Indemnité d'avocat d'office. Coexistence avec un mandat privé. Nécessité de différentes vacations.

Testo integrale

A.                            Selon le rapport de police du 28 décembre 2014, plusieurs hommes se sont introduits, le 27 décembre 2014 en début d'après-midi, dans une ferme située à V.________, en l'absence du fermier A.________ mais en présence de son ouvrière agricole B.________, née en 1968. Ils lui ont demandé, en la menaçant, où se trouvait l'argent de son patron et ils ont fouillé toutes les pièces du rez-de-chaussée. Ils lui ont également demandé son porte-monnaie et ils l'ont emporté, après l'avoir attachée à une chaise. Arrivant à ce moment-là, au volant de son tracteur, le fermier A.________ a poursuivi deux des individus, tout en appelant la police avec son téléphone portable. C'est ainsi qu'une patrouille de police a pu interpeller X.________ et Y1________. Lors de leur comparution devant le procureur, le lendemain, celui-ci a reconnu l'existence d'un cas de défense obligatoire, vu la nature des faits, et il a désigné comme avocats d'office Me C.________, dans le cas de Y1________ et Me D.________, dans le cas de X.________.

                        Les deux hommes ont été placés en détention provisoire, selon ordonnance du Tribunal des mesures de contrainte du 30 décembre 2014. La détention provisoire s'est poursuivie jusqu'au début de l'exécution anticipée de la peine, admise par le Ministère public le 18 juin 2015 pour Y1________ et le 13 juillet 2015 pour X.________, les ordres d'exécution étant toutefois reportés, par manque de place, au 30 juin 2015 pour Y1________ et au 22 juillet 2015 pour X.________.

B.                            Le 5 février 2015, Me E.________ a demandé à rendre visite au prévenu Y1________ car sa femme et une connaissance l'avaient prié d'assumer sa défense.

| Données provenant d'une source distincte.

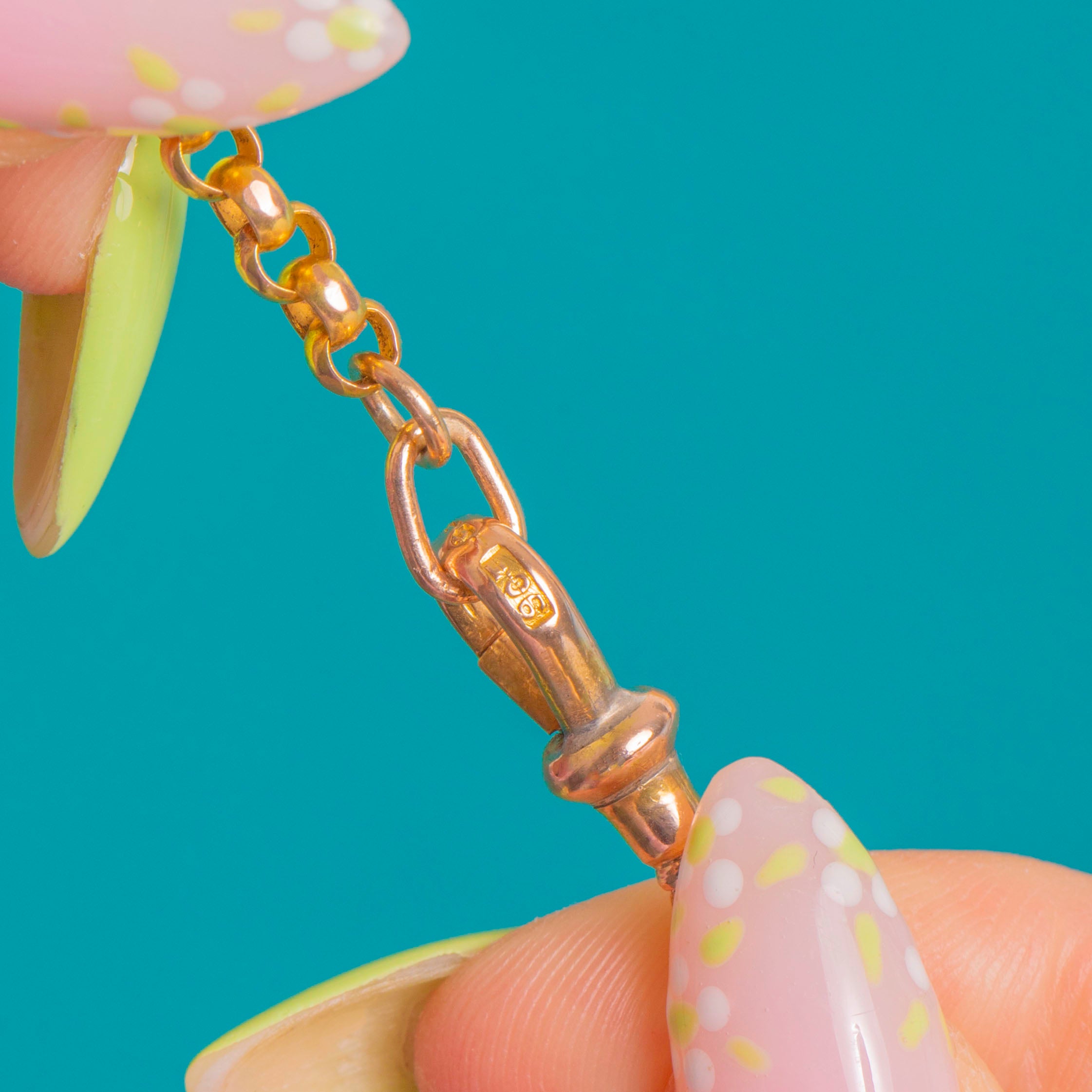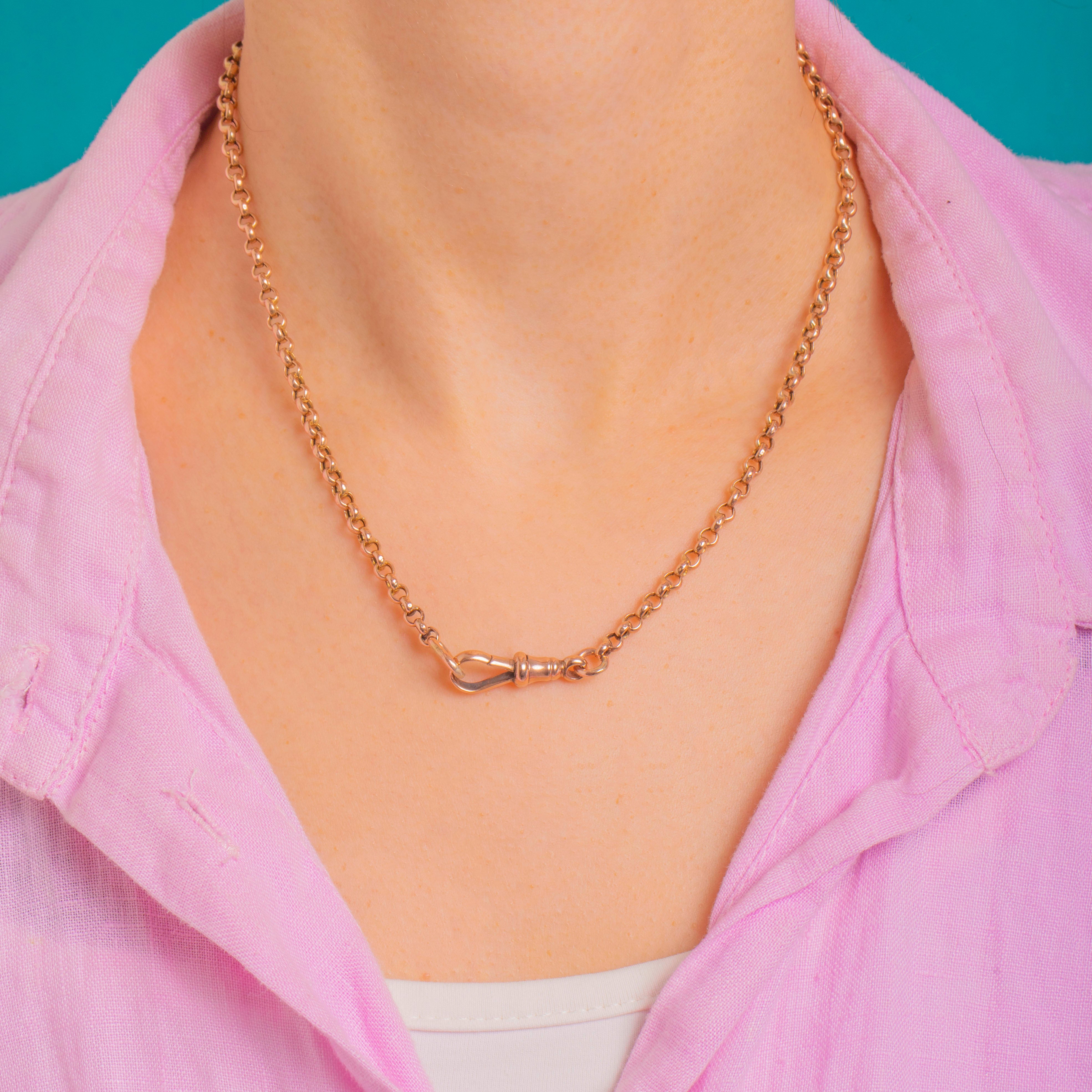 EXCELLENT: Links are bright and well-preserved with only light surface wear consistent with age. The dog clip is secure and in good working order, and the chain retains a lovely polished finish with subtle patina in the recesses. No visible repairs, presenting beautifully and ready to wear.
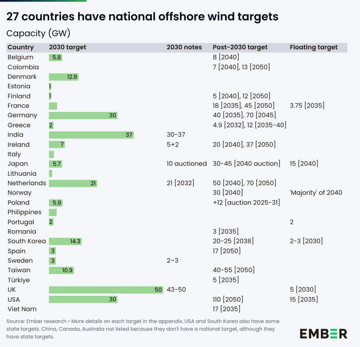 Europa, choć prawdopodobnie nie zrealizuje wszystkich krajowych celów na czas, ma osiągnąć najlepsze wyniki spośród wszystkich regionów świata. Think tank Ember przewiduje, że państwa europejskie osiągną większość swoich planów wiatrowych z niewielkim opóźnieniem – rok lub dwa po 2030 r.

Après avoir rendu visite au prévenu, Me E.________ a confirmé, le 11 mars 2015, que celui-ci souhaitait lui confier la défense de ses intérêts, en ajoutant : « idéalement, la continuité du bénéfice de l’assistance judiciaire nonobstant ce changement de mandataire est souhaitée, mais Y2________ est résolu à ce changement même s’il doit renoncer en conséquence à une telle assistance ». Se référant à la jurisprudence fédérale, le procureur a renoncé à relever Me C.________ de son mandat d’office, vu les apparentes difficultés de la famille du prévenu pour fournir une première provision à Me E.________. Dès cette date, Y1________ a donc été défendu conjointement par un mandataire d’office et un mandataire de choix. A l’audience du 28 octobre 2015, le procureur a demandé à Me E.________ s’il était suffisamment provisionné pour défendre Y1________ jusqu’au terme de la seconde instance et il a obtenu une réponse négative. 

C.                            Après des premières déclarations minimalistes et contradictoires de chacun des prévenus, lors de leurs premiers interrogatoires, Y1________ est passé à des aveux plus complets à l’audience du 16 avril 2015, admettant notamment la présence lors du brigandage de son frère Y2________, dont l’ADN avait été identifié sur les lieux. Une demande d’entraide pénale a permis l’audition de Y2________ dans la région parisienne, les 16 et 17 juin 2015 et ce dernier a mis en cause les deux autres participants à l’expédition de la ferme. Lors d’une audience de confrontation tenue le 10 juillet 2015, X.________ et Y1________ ont fait des aveux assez largement concordants. Dès les premiers aveux de Y1________, le 16 avril 2015, Me E.________ avait requis la mise en œuvre d’une procédure simplifiée. Une nouvelle demande en ce sens fut ensuite formulée par Me D.________ le 19 novembre 2015, rejointe le 23 novembre 2015 par Me E.________.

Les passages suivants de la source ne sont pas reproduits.